Напротив вполне приличного павильона с надписью «Хайнлайнер» и логотипом, изображающим ракету на фоне лунного диска, он увидел ионознак, что сверкал на невзрачном хромосплавовом фасаде кабачка «Илла». Толкнул пружинную дверь. На мокром после утренней уборки полу сияли солнечные квадраты. Смутно отблескивал музыкальный автомат в углу. Пахло карболкой и свежесваренным кофе. Все столики были свободны, кроме одного.

За ним в абсолютном одиночестве сидел человек с голограммы. На нем был серый бархатный сюртук, из обшлагов выглядывали ослепительно-белые манжеты. Шейный платок цвета полуденного марсианского неба был повязан с восхитительной небрежностью. Хрупкую фарфоровую чашечку Лоренцо Кимон держал на отлете, слегка оттопырив мизинец. В оконных лучах чашечка пылала маленьким Солнцем, отбрасывая на гладко выбритые щеки аристократа веер полупрозрачных теней, по форме напоминающих лепестки лотоса. Судя по отсутствующему выражению глаз, Кимон полностью погрузился в себя.

У Омала ослабели ноги. Он спешно опустился на стул. Немедля подошел официант. Омал попросил у него холодной воды. Официант уточнил заказ, но ответа не дождался. Омал уже забыл и о нем, и о своем заказе. Он смотрел только на «клиента». Как подойти к нему? Что сказать?

«Меня послали, сэр, чтобы ранить вас! Вы куда предпочитаете, в руку или в ногу?» Или: «Я должен вас подстрелить, мистер Кимон, потому что мне нужны деньги!» А может: «Мне необходимы деньги, а единственный способ их заработать — это пальнуть в вас из атомика, сударь! Как прикажете поступить?»…

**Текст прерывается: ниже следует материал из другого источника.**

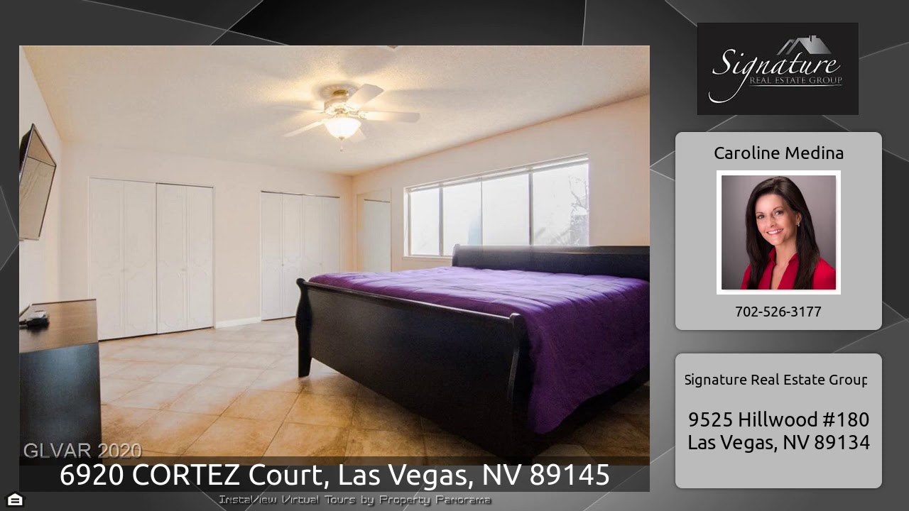 The Virtual Tour for the property at 6920 CORTEZ Court, Las Vegas, NV 89145 listed for $275,000: Other homes for sale by Caroline Medina of Signature Real Estate Group: Well kept one story in a private cul-de-sac, lush large backyard with many fruit trees and custom covered patio, French double front doors, Ceiling fans throughout, 2-way fireplace shared with living room & dining room with stone facing up to ceiling, Large master bedroom, NO HOA, 2 car garage has been converted to a 1 car and a temp workshop which can be removed and turned back into 2 car easily, conveniently located to …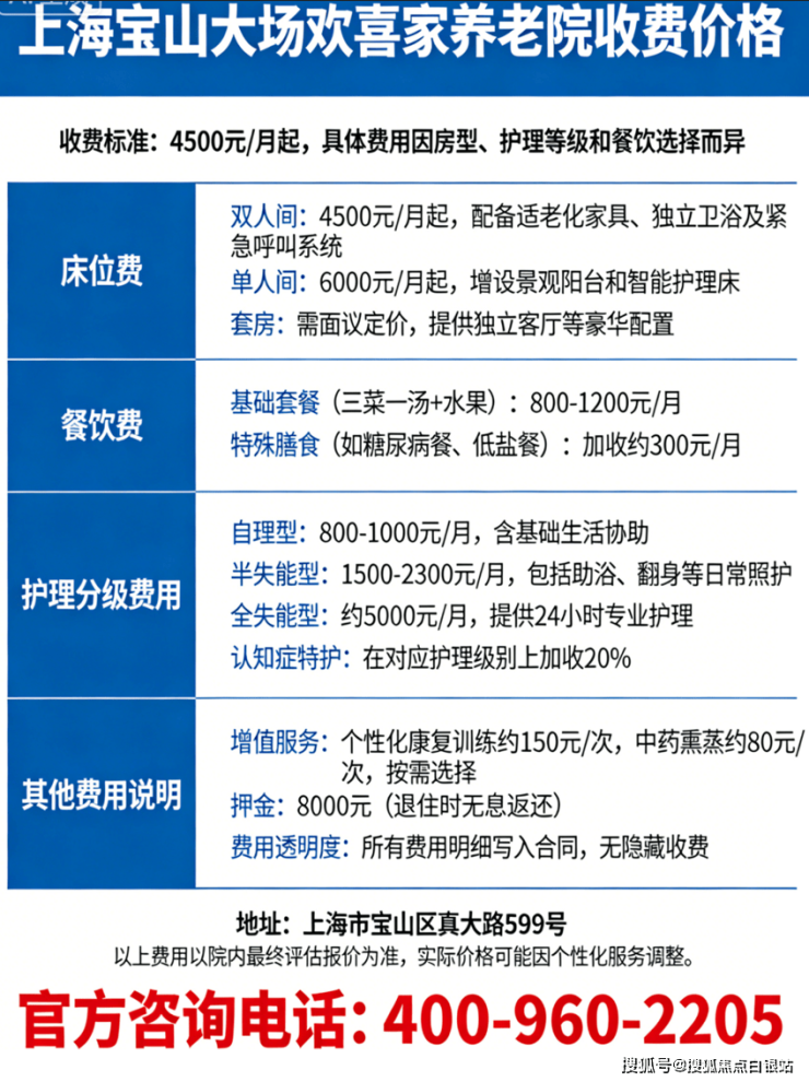 欢喜家养老院(上海宝山真大路599号)收费采用“基础费用+护理分级+增值服务”的透明模式,最低起步价为4500元/月,具体费用因房型、护理等级和餐饮选择而异。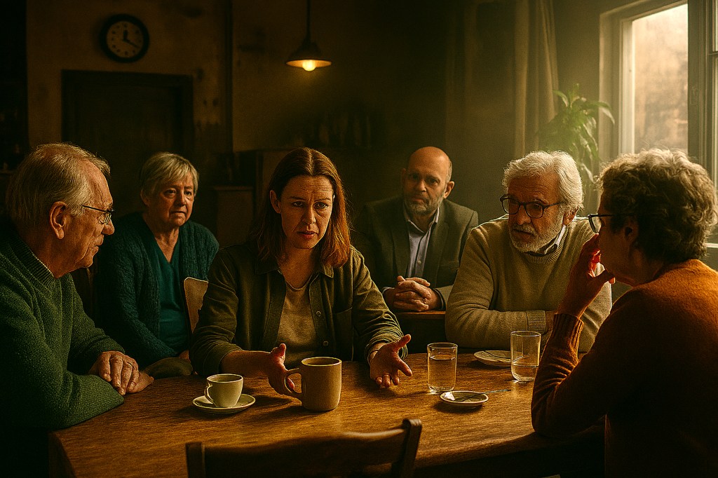 Het was een rustige namiddag in De Lege Knip. De zon viel schuin door de ramen, het gerinkel van kopjes klonk als een ritme dat het dorp kende. Aan de grote tafel zat Jannus met zijn krant, de weduwe van Van Gils met haar breiwerk, en een jonge ambtenaar van de gemeente die zich graag mengde in gesprekken die eigenlijk niet voor hem bedoeld waren en een jonge huisarts die af en toe langskwam om te luisteren. Marius zat erbij, zwaar in gedachten verzonken.
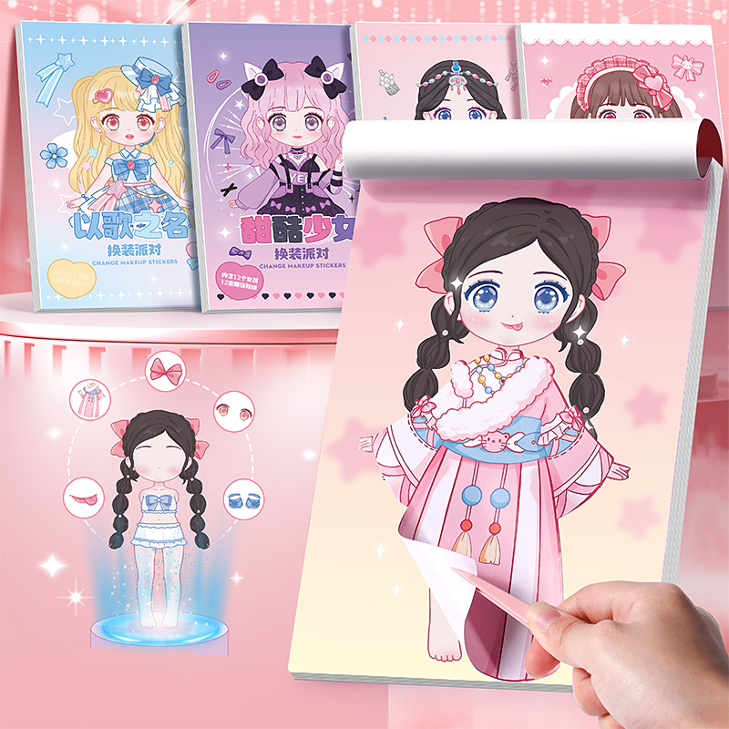 少女公主換裝本美甲店美容店安y靜書免裁剪貼紙涂色本diy女孩玩具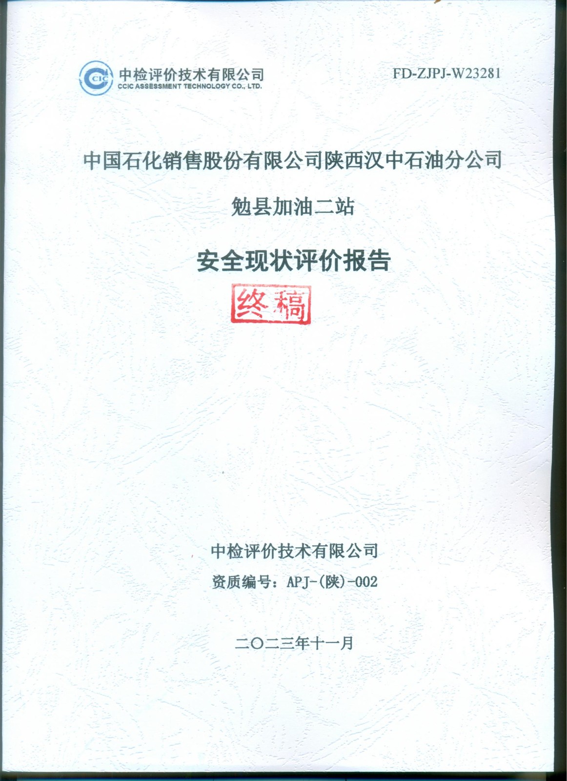 中国石化销售股份有限公司陕西汉中石油分公司勉县加油二站安全现状评价报告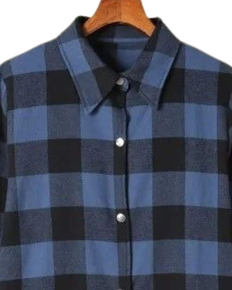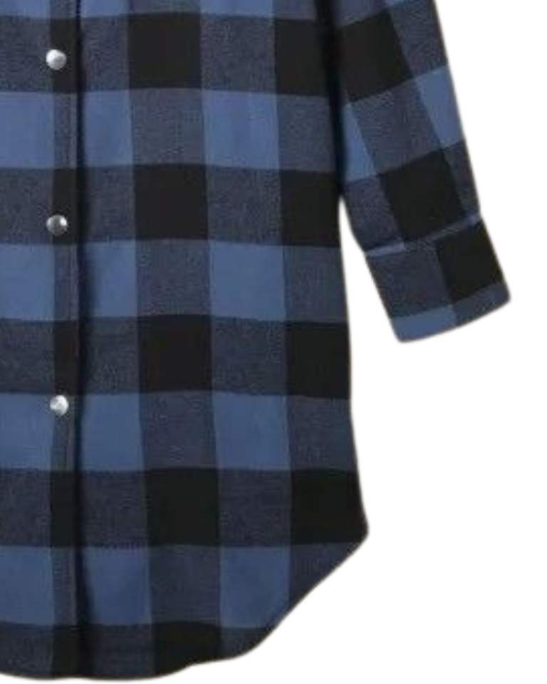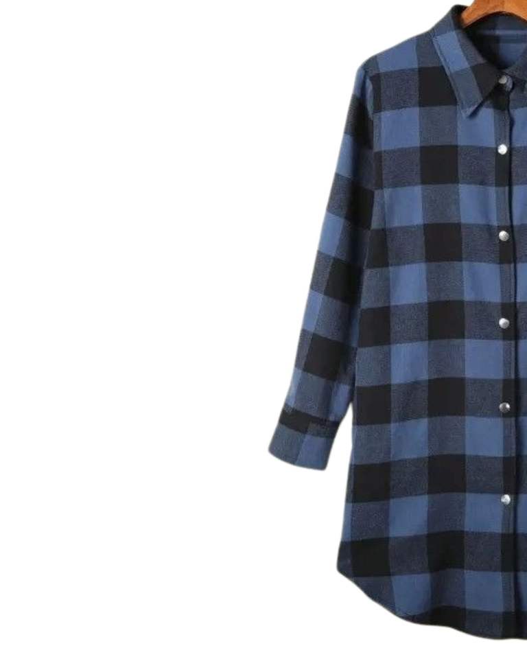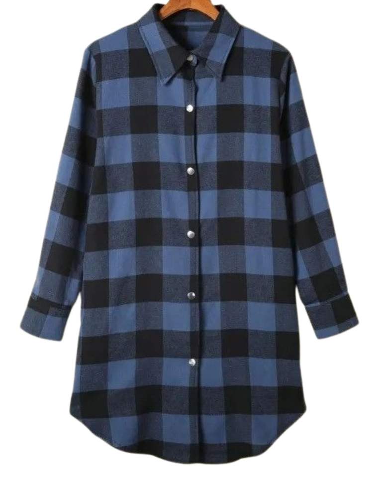 เดรสเชิ้ตผู้หญิงลายสก็อตสีน้ำเงินดำ แขนยาว ติดกระดุม สไตล์ลำลอง ทรงหลวม ผ้าฝ้ายลินินเนื้อนุ่ม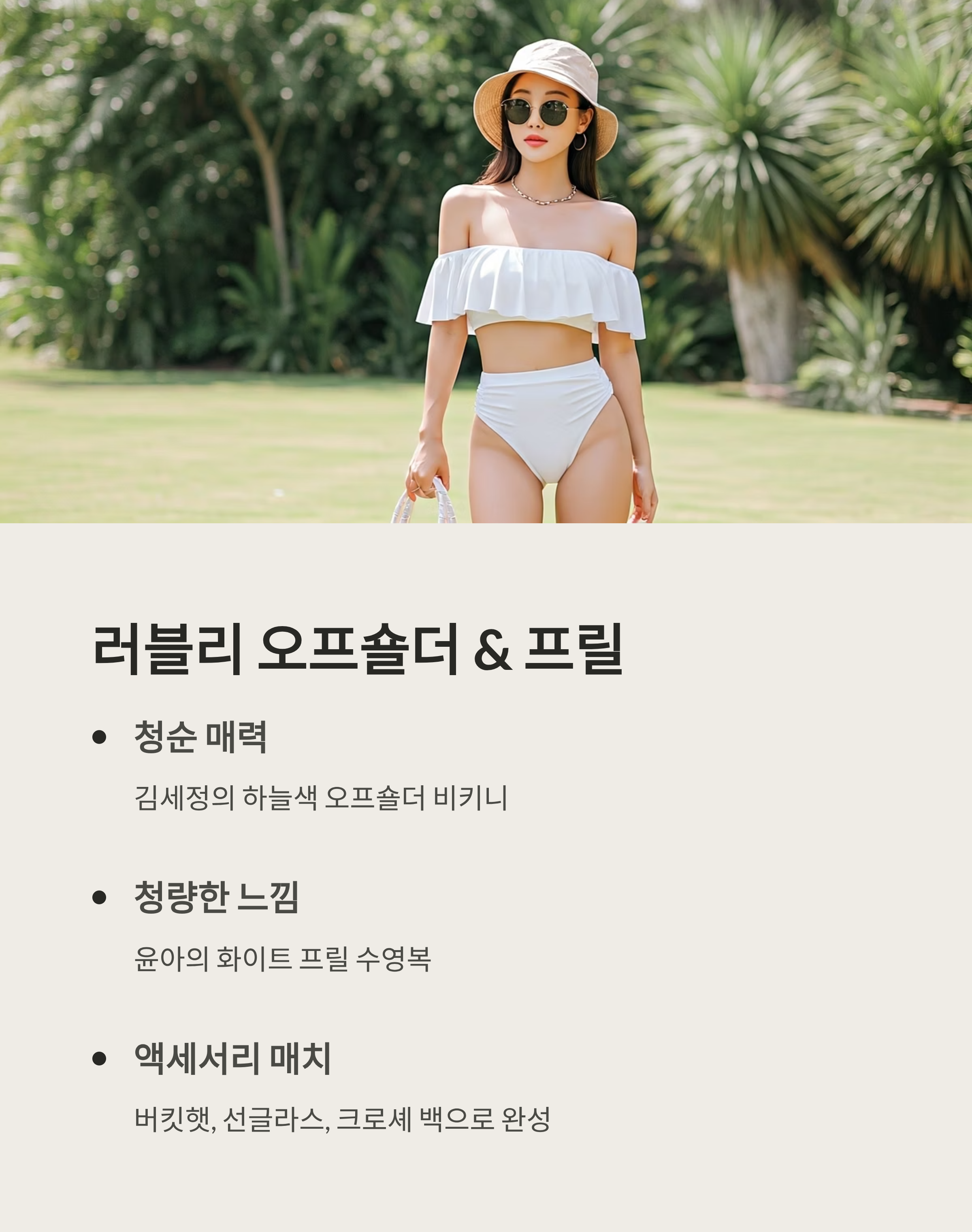 프릴 장식이나 오프숄더 디자인 수영복이 제격입니다.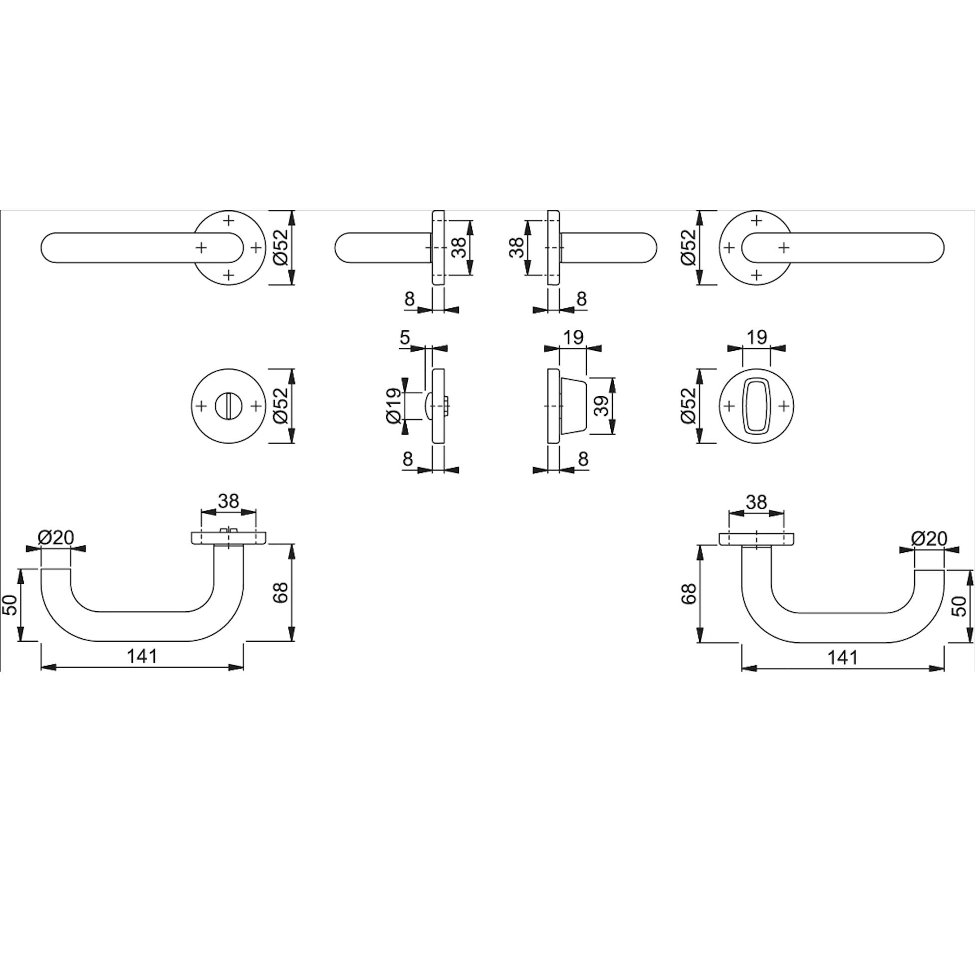 Hoppe Paris Kapı Kolu Seti WC (Banyo) Tipi Paslanmaz Çelik Renkli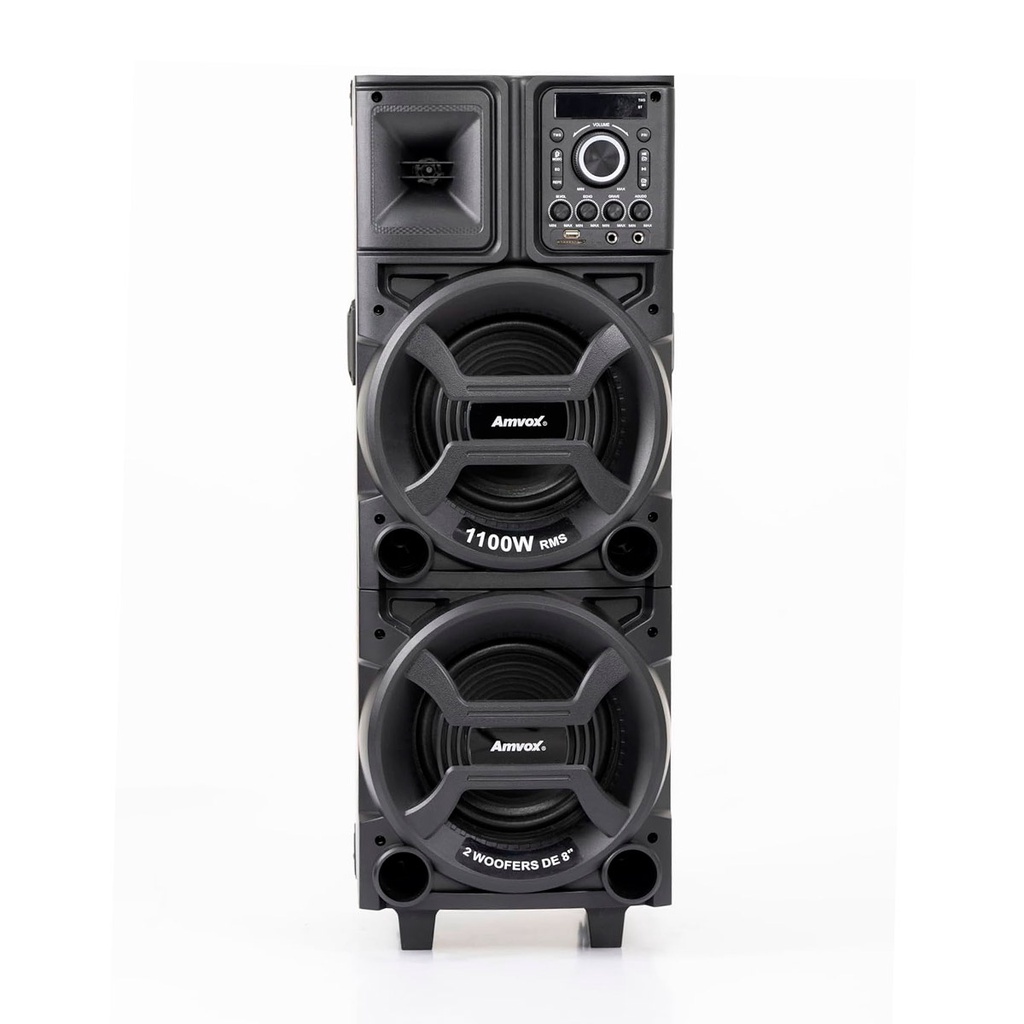 Caixa de Som Amplificada Com LED Amvox ACA 1101 Black Duplo 8-1100W RMS Festas Karaokê Eventos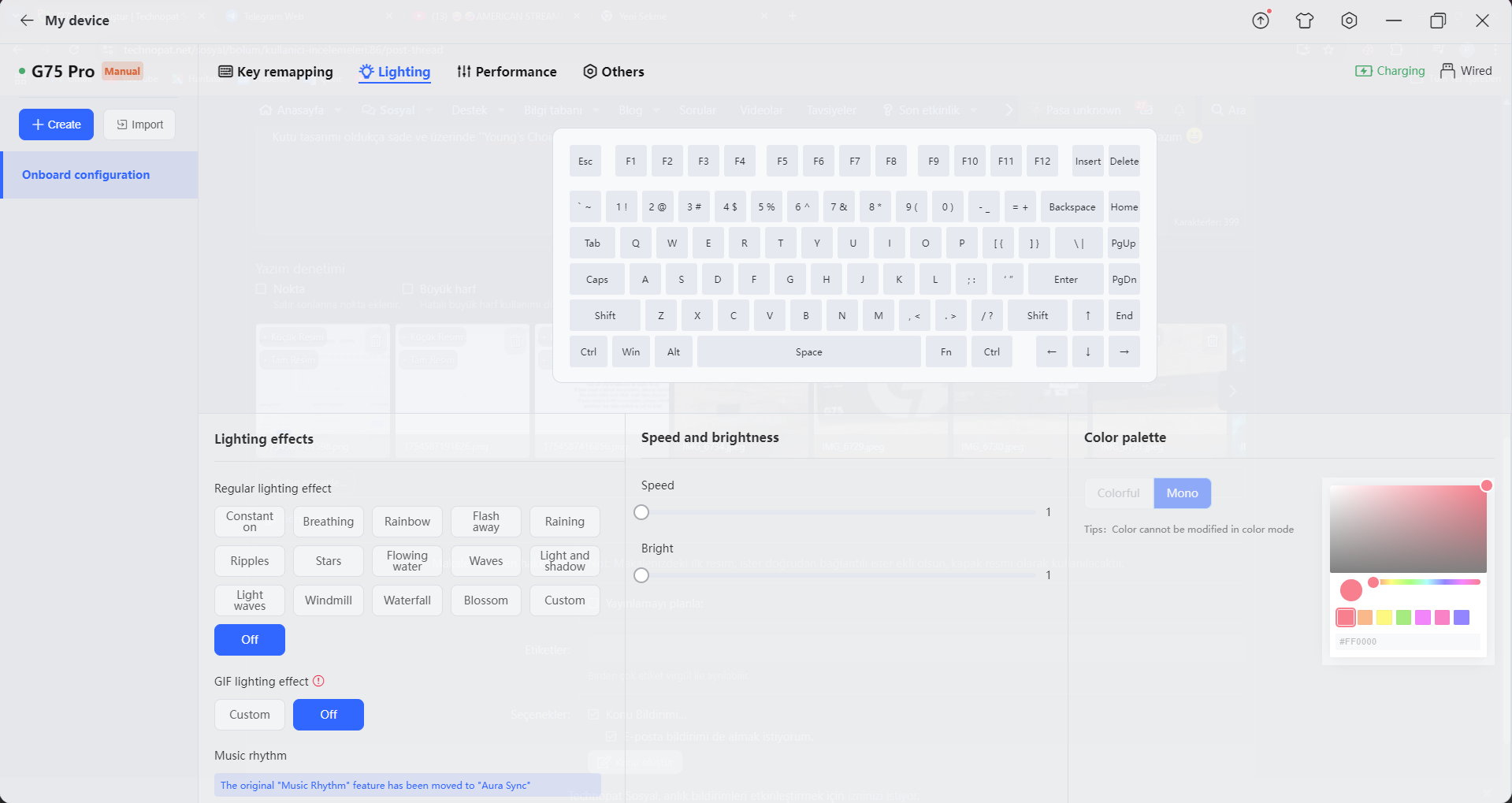 2- 2.4GHz moduna geçersem herhangi bir şekilde modları değiştiremiyorum. Işık kapalıyken Rainbow moduna geçiyor bir anda ve bu uygulamada ışığın kapalı olduğunu göstermesine rağmen oluyor. Bundan sonra ise 2.4GHz modundan kablolu moda geri geçince uygulama ''Disconnected'' diyor ve herhangi bir şekilde klavyeyi algılamıyor.

Ма бахт… Вчера все казалось простым и ясным. Он, самозваный бретёр Джо Бастер, отказывается стрелять в Лоренцо Кимона, эсквайра, а вышеупомянутый эсквайр отстегивает так называемому бретёру за это сумму, кратную гонорару. Честная сделка? Вполне. Только как все это вывалить перед незнакомым и наверняка ни о чем не подозревающим человеком? К тому же настоящим аристократом, о которых он, провинциальный землянин Омал Мохо, только в книжках читал. А что, если…

Додумать он не успел. С грохотом распахнулась входная дверь. Жалобно зазвенели бокалы над барной стойкой. Послышались тяжелые шаги и металлическое клацанье. Неприятный мускусный запах наполнил не слишком просторное помещение кабачка. Рука Омала рефлекторно нырнула за пазуху. Он нащупал шероховатую рукоять верного «Бретёра-116». Кто-то встал у него за спиной, обдавая шею влажным дыханием, и сипло произнес:

— Так вот вы где, господин артист!

Кимон, казалось, не слышал этих слов. Он неторопливо допил кофе, поставил чашечку на блюдце, вынул из кармана сюртука трубку и кисет. Так же неспешно набил трубку, чиркнул спичкой. Спустя несколько долгих мгновений в воздухе поплыл ароматный дым.

Тот, кто стоял за спиной Омала, наоборот, с каждой секундой терял терпение. Его дыхание становилось все чаще и все горячее. От звериного запаха Омала уже мутило, и он брезгливо отодвинулся к стене. Теперь он мог повернуться к вошедшему вполоборота и рассмотреть как следует. Зрелище удовольствия не доставляло.

Посреди кабачка, уперев в крутые бока могучие руки (правую заменял металлический протез, напоминающий промышленный манипулятор), стоял здоровенный детина в костюме песочного цвета, бежевых гетрах и черных лакированных штиблетах. Соломенное канотье сдвинуто на затылок. По жирным щекам стекал пот. Тройной подбородок подрагивал. Детина обвел тусклым взором окружающие пространство, пригвоздив к месту официанта и бармена за стойкой. Омала он взгляда не удостоил.

— Ну так что, господин лицедей? — прорычал детина. — Продаете мне свое корыто?

— Я уже отвечал вам на этот вопрос, Штарх, — отозвался Кимон. Голос его был под стать облику — бархатный, но прошитый металлической ноткой. — «Тувия» не продается.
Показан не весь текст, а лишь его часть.